本塁寄りに立つようにします。2塁走者・3塁走者の視界に入りやすくするためです。

◉ 2人の走者に指示を出す場合

2人の走者に指示を出す状況のときは、
  まず本塁進塁の走者に指示 → その後3塁進塁を狙う走者に指示
となります。この場合は、
   まず2塁走者に見やすいよう本塁寄りに立つ 
       → 本塁進塁の指示終了後外野寄りに移動し
                3塁進塁を狙う走者に指示を出す

となります。
(例 走者1・2塁でライト前安打)
  2塁走者に本塁進塁の指示をした後、1塁走者の3塁進塁の指示を出す。

🥎 3塁に来た走者の本塁突入判断

3塁コーチャーのもっとも重要な判断・指示のシーンは、走者が3塁を回るときに回すか(ゴー)?止めるか(ストップ)?になります。
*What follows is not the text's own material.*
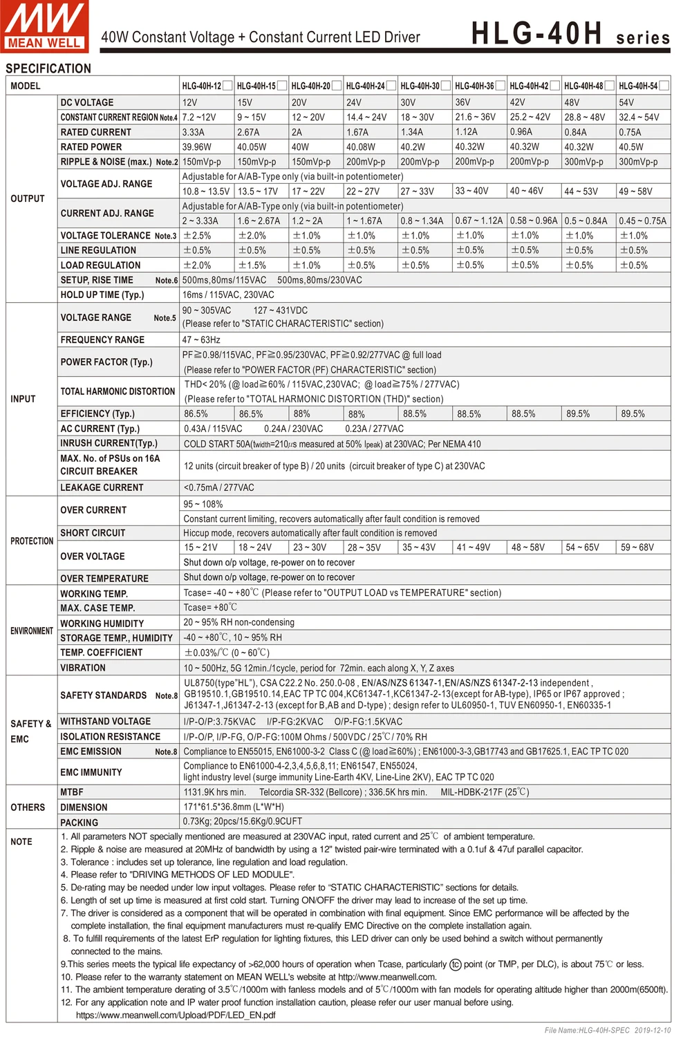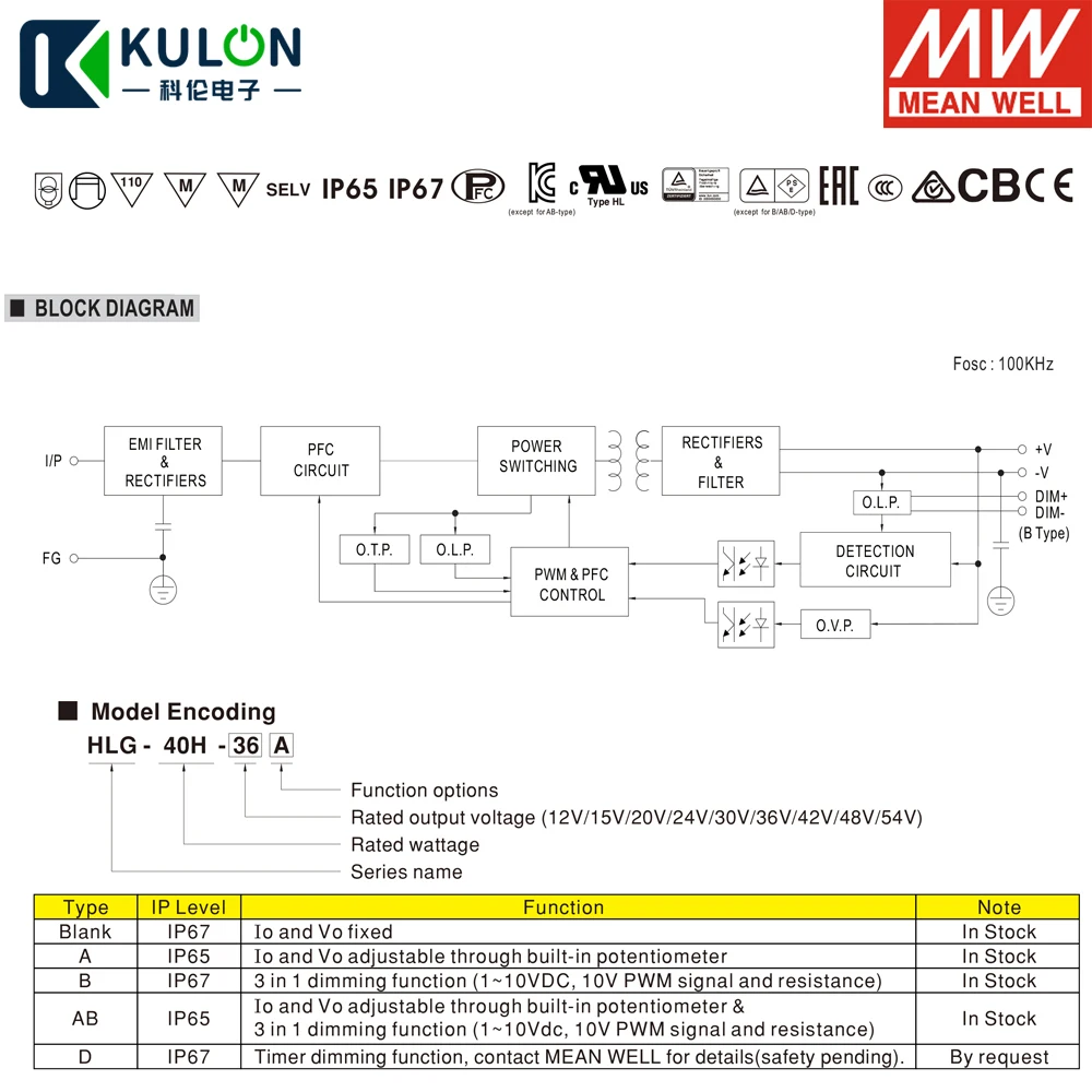 Серия HLG-40H-это светодиодный драйвер 40 Вт переменного/постоянного тока с двойным режимом постоянного напряжения и постоянного тока. HLG-40H работает от 90 ~ 305VAC и предлагает модели с различным номинальным напряжением от 12 В до 54 в. Благодаря высокой эффективности до 89.5%, с безвентиляторным дизайном, вся серия может работать для-40C ~ + 80 °C чехол с температурой при свободной конвекции воздуха. Конструкция металлического корпуса и уровень защиты от проникновения IP67/IP65 позволяет этой серии подходить как для внутреннего, так и для наружного применения. HLG-40H оснащен различные функциональные опции, как, например, затемнения методики, таким образом, чтобы обеспечить оптимальную гибкость конструкции для Светодиодный система освещения.

直接的に得点がかかる判断・指示となるため、この成否が試合を分ける要素になることも多いです。

◉ 2塁走者の本塁突入の目安

走者2塁でシングルヒットが出た場合、2塁走者を本塁突入させるかどうか?の判断では目安があります。

目安は、外野手の捕球のタイミングと2塁走者の3塁到達のタイミングになります。
両者のタイミングが、
 ● 外野手の捕球が早ければストップ

外野捕球時に3塁に到達していない この場合はストップ

 ● 2塁走者の3塁到達が早ければゴー

外野捕球時に3塁に到達している この場合はゴー

 ● 同時であればゴー
になります。
この目安にプラスして、
 ● 外野手の肩
 ● 捕球体勢(捕球体勢が悪ければ、3塁到達より捕球が早くてもゴー)
 ● アウトカウント
 ● 得点差(ランナーを溜めるべきか?1点を取りにいくか?)
 ● イニング(初回ならアウトの可能性があっても積極的に)
などを考慮に入れて判断します。

※ 2アウト2塁は基本100% ”回せ!”

またこの状況で2アウトのときは、基本100%回して本塁突入させます。

2アウトの状況では、2塁走者は打った瞬間に(無条件に)スタートできるためセーフになる確率が高いためです。走者の足の速さは関係なく回してOKです。
但し、明らかにアウトになる…というタイミングのときは走者を止める判断をします(例 外野手が極端な前進守備・2塁走者が途中でつまづいた)。